Dataset entries:
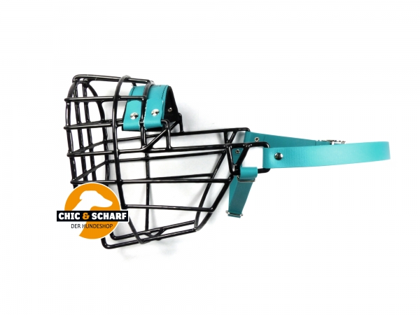 Chopo Drahtmaulkorb mit schwarzer Kunststoffgummierung, grünen Biothaneriemen, neoprenunterlegtem Nasenpolster und zusätzlichem Kehlriemen
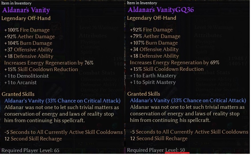 I did not however, adjust ZE and GQ legendaries from 50 to 65, at least not for this version.
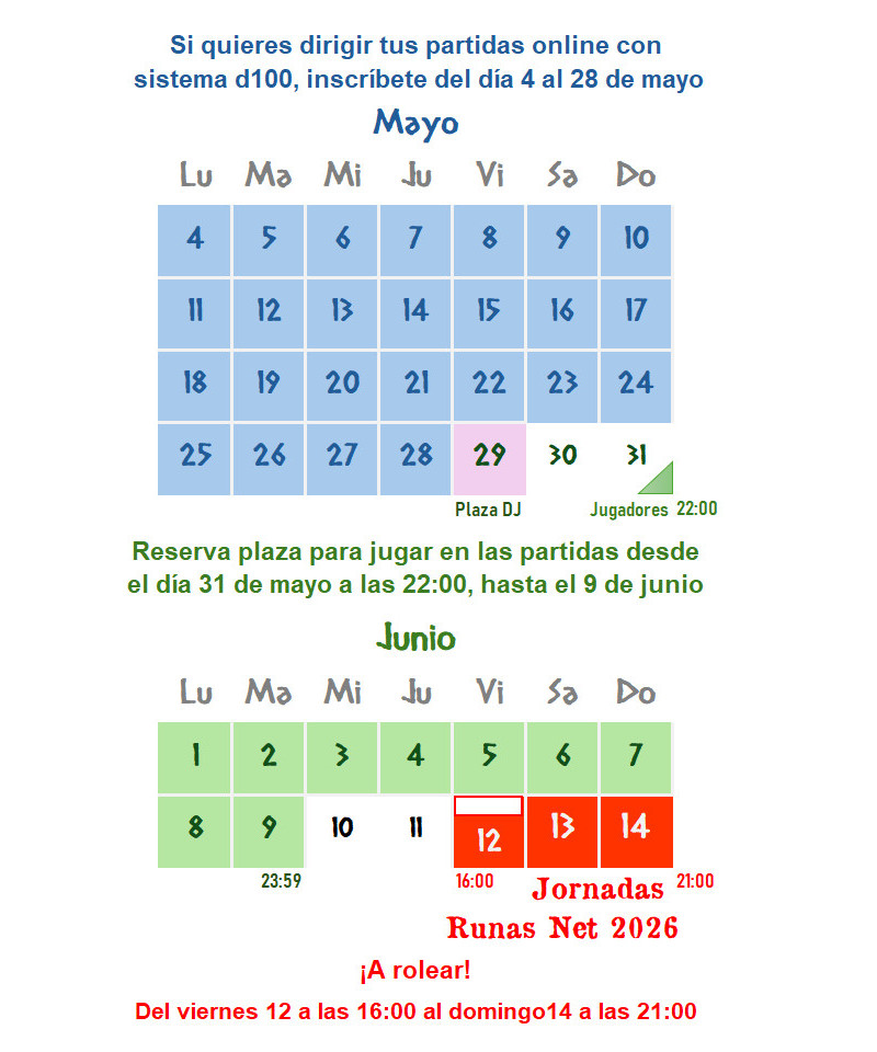 Podréis proponer/inscribir vuestras partidas desde el 4 de mayo al 28 de mayo (ventana de 3 semanas y 4 días). Entrad al Discord de las Runas Net.
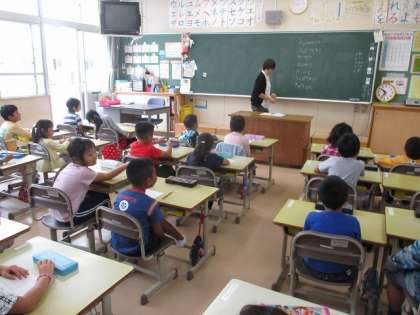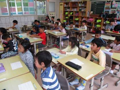 1年生の教室からです。生活科の授業でした。園児と遊ぶ計画を立てていました。
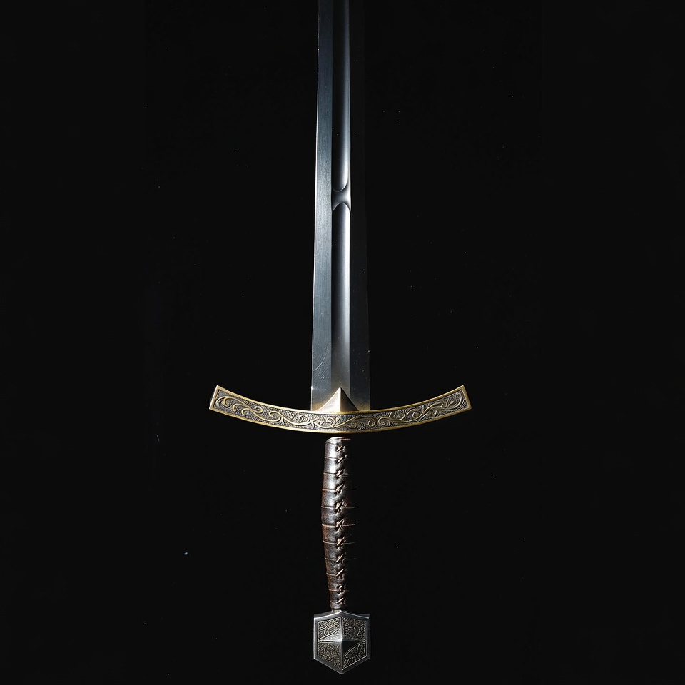 A detailed medieval longsword with a straight double-edged blade is displayed vertically against a black background. The crossguard features ornate gold engravings, and the grip is wrapped in brown leather. A small metal shield emblem adorns the pommel at the bottom.
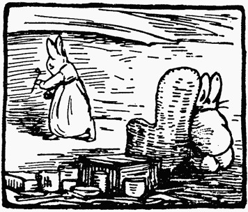 Mr. Bouncer would not confess that he had admitted anybody into the rabbit hole. But the smell of badger was undeniable; and there were round heavy footmarks in the sand. He was in disgrace; Flopsy wrung her ears, and slapped him.

## AIM OF THE TASK:
All that is wanted is each line, word for word, from the first line of the data to the one holding "1年生の教室からです。生活科の授業でした。園児と遊ぶ計画を立てていました。", with the pictures left out.

## RESULT OF THIS TASK:
 Chopo Drahtmaulkorb mit schwarzer Kunststoffgummierung, grünen Biothaneriemen, neoprenunterlegtem Nasenpolster und zusätzlichem Kehlriemen
 I did not however, adjust ZE and GQ legendaries from 50 to 65, at least not for this version.
 Podréis proponer/inscribir vuestras partidas desde el 4 de mayo al 28 de mayo (ventana de 3 semanas y 4 días). Entrad al Discord de las Runas Net.
 1年生の教室からです。生活科の授業でした。園児と遊ぶ計画を立てていました。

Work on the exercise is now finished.